I wonder how (im)practical it would be to add a FFT tile to mollytime that takes a stream of sound samples and generates midi events :3

Leonard Ritter

@lritter@mastodon.gamedev.place · 3 hours ago

@aeva see this is a great application for fuzzy logic. with machine learning, you can make a thing that can turn polyphonic strums to midi. skip the fft, freq discretization sucks.

aeva

@aeva@mastodon.gamedev.place · 3 hours ago

@lritter excellent. how

Leonard Ritter

@lritter@mastodon.gamedev.place · 3 hours ago

@aeva train on audio from midi - generating samples is easy. then invert the function.

~5 more replies

halcy @ :revision_ol:

@halcy@icosahedron.website · 3 hours ago

@lritter @aeva Think you're somewhat underselling compute and latency constraints here. If it's for an instrument, it's gonna have to be Real Fast with probably custom inference

aeva

@aeva@mastodon.gamedev.place · 3 hours ago

@halcy @lritter i'd like it to work on anything

halcy @ :revision_ol:

@halcy@icosahedron.website · 1 hour ago

@aeva @lritter if you *did* want to have some kind of low latency ML extractor, you'd probably want something like a bunch of causal convolution -> some kind of recurrent layer -> more convolution -> note output as a layer that is 1 for note on, 0 for off. I would still do a pre-stft anyways because it's a nice representation, and the model would only learn almost the same thing anyways, so, well, :akko_shrug: I forget what people use for pitch extraction for speech nowadays, though I did play around with that a few months ago at home..

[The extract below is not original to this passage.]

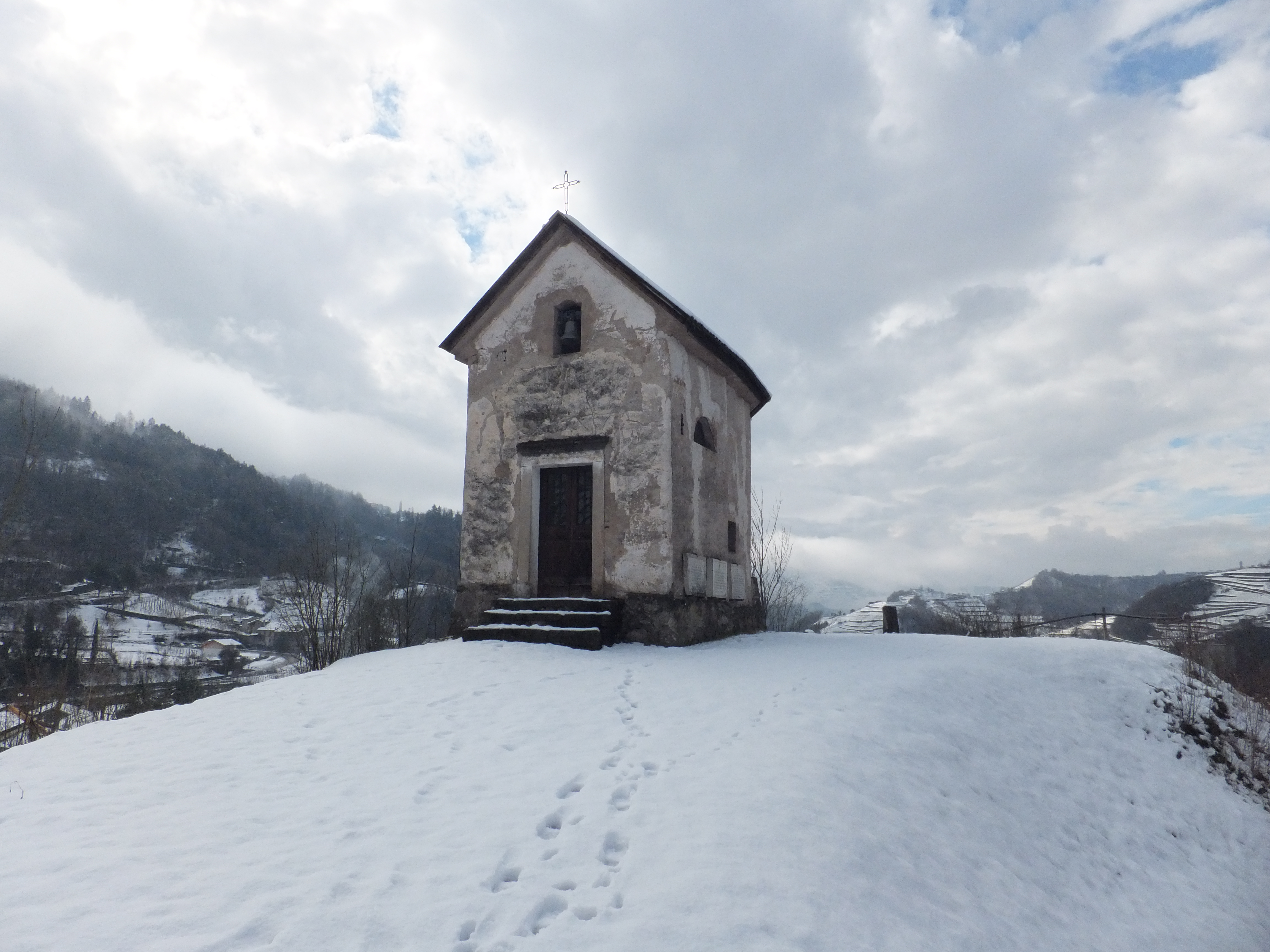 Piazzo (Segonzano, Trentino-Alto Adige, Italy) - Chapel of Saint Anthony

I know for reasons that this https://arxiv.org/pdf/2306.03177 architecture and size of model is able to run on an old mid spec android phone in ~4 +- 4 milliseconds for 10 milliseconds of input, though making that happen takes work. If you can live with some more jitter since you're not literally outputting audio, you could get away with using onnx probably.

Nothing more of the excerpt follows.